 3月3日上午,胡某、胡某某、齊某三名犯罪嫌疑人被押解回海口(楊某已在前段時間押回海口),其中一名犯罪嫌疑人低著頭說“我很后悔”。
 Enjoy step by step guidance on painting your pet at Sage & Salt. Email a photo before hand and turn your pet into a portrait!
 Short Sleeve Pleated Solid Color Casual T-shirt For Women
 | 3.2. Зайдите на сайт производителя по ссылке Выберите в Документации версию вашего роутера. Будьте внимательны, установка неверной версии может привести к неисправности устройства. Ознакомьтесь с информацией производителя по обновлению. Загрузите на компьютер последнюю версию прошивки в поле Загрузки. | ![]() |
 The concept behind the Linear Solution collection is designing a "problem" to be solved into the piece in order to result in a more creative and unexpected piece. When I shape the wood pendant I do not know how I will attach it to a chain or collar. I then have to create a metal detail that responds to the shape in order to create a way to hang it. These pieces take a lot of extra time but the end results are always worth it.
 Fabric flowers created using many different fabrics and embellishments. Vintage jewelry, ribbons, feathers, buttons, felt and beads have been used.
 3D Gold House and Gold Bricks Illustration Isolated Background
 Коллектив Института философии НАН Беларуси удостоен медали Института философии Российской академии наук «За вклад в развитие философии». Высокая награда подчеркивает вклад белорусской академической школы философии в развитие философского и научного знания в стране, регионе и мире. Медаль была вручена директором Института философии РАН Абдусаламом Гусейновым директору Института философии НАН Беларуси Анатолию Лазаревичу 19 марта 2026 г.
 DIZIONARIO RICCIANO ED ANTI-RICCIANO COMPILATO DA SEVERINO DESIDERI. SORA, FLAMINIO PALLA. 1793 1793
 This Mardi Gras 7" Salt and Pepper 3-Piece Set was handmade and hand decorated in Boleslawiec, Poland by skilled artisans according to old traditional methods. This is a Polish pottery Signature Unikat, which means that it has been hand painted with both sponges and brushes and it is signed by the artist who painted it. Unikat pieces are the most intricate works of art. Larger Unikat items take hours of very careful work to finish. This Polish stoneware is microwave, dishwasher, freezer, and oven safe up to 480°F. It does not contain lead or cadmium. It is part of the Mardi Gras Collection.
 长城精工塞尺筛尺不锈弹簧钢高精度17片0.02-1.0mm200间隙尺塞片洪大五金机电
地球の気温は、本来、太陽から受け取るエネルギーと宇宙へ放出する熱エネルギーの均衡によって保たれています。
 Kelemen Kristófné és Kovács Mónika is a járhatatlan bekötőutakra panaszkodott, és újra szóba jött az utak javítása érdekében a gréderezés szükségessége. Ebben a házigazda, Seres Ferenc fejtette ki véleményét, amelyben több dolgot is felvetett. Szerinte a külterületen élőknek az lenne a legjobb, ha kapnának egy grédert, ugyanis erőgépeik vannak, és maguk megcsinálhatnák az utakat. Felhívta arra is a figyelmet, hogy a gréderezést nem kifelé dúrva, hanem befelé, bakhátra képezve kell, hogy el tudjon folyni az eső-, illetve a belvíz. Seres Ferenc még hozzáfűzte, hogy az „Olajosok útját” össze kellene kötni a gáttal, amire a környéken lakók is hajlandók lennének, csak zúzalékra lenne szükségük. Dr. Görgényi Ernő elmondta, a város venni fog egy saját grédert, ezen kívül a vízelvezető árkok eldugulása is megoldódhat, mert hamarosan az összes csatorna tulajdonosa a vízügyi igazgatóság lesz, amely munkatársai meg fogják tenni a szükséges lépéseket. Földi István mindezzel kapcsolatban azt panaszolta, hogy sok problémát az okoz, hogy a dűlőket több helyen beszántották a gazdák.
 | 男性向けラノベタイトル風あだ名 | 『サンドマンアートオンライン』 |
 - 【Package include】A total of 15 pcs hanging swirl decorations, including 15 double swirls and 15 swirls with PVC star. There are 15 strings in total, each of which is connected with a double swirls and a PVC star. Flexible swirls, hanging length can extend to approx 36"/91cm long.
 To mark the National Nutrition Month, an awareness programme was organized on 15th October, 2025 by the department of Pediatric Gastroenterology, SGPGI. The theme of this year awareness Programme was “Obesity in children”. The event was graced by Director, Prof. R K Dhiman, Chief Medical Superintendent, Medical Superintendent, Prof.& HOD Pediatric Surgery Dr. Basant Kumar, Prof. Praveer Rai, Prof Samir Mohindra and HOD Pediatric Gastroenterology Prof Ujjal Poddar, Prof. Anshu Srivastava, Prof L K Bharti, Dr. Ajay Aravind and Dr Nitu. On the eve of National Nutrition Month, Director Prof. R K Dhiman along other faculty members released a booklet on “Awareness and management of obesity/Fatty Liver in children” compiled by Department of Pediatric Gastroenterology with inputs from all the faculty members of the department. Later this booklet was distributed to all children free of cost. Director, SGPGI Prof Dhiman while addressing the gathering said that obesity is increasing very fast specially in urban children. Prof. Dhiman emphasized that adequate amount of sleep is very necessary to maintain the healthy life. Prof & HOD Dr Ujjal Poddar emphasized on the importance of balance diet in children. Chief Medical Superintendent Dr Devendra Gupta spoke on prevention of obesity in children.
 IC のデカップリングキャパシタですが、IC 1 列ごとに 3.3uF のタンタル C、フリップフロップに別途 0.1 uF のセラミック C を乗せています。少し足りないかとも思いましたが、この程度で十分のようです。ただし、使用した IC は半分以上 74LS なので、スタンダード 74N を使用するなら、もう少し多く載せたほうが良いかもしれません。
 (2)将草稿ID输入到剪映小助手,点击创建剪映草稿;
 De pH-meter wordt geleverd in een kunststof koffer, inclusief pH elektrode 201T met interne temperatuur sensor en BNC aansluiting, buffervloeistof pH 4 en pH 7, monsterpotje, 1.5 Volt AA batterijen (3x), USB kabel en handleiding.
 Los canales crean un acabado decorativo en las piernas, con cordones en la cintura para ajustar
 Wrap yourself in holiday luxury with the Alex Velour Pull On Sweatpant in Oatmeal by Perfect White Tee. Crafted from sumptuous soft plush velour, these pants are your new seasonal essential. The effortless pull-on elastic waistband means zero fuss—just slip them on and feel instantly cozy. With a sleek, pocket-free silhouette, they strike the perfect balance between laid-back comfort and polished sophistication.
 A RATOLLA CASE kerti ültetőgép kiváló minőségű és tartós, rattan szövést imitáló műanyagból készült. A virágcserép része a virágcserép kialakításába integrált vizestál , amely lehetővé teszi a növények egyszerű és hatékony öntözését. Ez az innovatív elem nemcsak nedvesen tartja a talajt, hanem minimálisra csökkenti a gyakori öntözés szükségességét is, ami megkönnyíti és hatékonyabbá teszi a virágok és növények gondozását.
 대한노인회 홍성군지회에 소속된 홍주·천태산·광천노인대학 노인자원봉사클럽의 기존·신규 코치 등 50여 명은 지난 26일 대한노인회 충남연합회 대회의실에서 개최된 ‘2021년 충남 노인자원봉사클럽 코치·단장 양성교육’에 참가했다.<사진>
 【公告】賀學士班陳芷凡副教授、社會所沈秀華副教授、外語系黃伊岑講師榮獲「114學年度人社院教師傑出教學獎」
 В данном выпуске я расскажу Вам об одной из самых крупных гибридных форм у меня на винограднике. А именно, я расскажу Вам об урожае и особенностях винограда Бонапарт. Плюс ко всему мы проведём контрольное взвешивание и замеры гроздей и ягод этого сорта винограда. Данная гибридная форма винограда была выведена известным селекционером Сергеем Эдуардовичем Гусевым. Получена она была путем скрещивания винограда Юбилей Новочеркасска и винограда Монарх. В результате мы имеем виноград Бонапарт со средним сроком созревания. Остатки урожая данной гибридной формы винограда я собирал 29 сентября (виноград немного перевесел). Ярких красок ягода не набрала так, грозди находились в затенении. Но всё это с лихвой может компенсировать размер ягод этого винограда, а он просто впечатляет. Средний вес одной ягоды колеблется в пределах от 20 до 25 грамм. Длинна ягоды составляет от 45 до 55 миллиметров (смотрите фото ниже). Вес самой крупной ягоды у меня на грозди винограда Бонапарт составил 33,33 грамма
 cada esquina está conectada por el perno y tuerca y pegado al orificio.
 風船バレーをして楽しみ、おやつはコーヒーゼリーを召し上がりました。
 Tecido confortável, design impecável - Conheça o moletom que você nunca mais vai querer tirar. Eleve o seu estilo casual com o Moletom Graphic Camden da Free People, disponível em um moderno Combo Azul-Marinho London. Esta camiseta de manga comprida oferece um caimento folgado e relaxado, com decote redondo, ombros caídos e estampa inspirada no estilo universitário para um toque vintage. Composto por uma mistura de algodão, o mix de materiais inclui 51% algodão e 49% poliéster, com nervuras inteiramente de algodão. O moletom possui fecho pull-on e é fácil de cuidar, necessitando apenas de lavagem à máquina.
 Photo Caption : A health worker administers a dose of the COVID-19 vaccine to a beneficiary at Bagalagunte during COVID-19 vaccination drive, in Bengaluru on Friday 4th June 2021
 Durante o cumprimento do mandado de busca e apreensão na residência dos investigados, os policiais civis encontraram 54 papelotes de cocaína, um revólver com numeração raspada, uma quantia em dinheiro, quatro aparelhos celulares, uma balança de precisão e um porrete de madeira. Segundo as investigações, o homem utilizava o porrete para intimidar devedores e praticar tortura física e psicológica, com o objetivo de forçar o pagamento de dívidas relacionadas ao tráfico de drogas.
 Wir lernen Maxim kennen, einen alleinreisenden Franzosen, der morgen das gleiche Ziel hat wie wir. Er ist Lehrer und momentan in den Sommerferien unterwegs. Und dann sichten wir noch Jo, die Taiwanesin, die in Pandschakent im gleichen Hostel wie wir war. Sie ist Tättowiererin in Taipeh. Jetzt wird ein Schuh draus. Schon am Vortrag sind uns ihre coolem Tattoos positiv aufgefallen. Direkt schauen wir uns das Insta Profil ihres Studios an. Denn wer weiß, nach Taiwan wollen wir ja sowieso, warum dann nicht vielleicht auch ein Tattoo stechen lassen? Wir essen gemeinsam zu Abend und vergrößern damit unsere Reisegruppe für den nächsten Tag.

= = = = =

▶ [Work to complete]:
This exercise requires the lines of the entries containing the string "Salt".

▶ [Answer for the task]:
 Enjoy step by step guidance on painting your pet at Sage & Salt. Email a photo before hand and turn your pet into a portrait!
 This Mardi Gras 7" Salt and Pepper 3-Piece Set was handmade and hand decorated in Boleslawiec, Poland by skilled artisans according to old traditional methods. This is a Polish pottery Signature Unikat, which means that it has been hand painted with both sponges and brushes and it is signed by the artist who painted it. Unikat pieces are the most intricate works of art. Larger Unikat items take hours of very careful work to finish. This Polish stoneware is microwave, dishwasher, freezer, and oven safe up to 480°F. It does not contain lead or cadmium. It is part of the Mardi Gras Collection.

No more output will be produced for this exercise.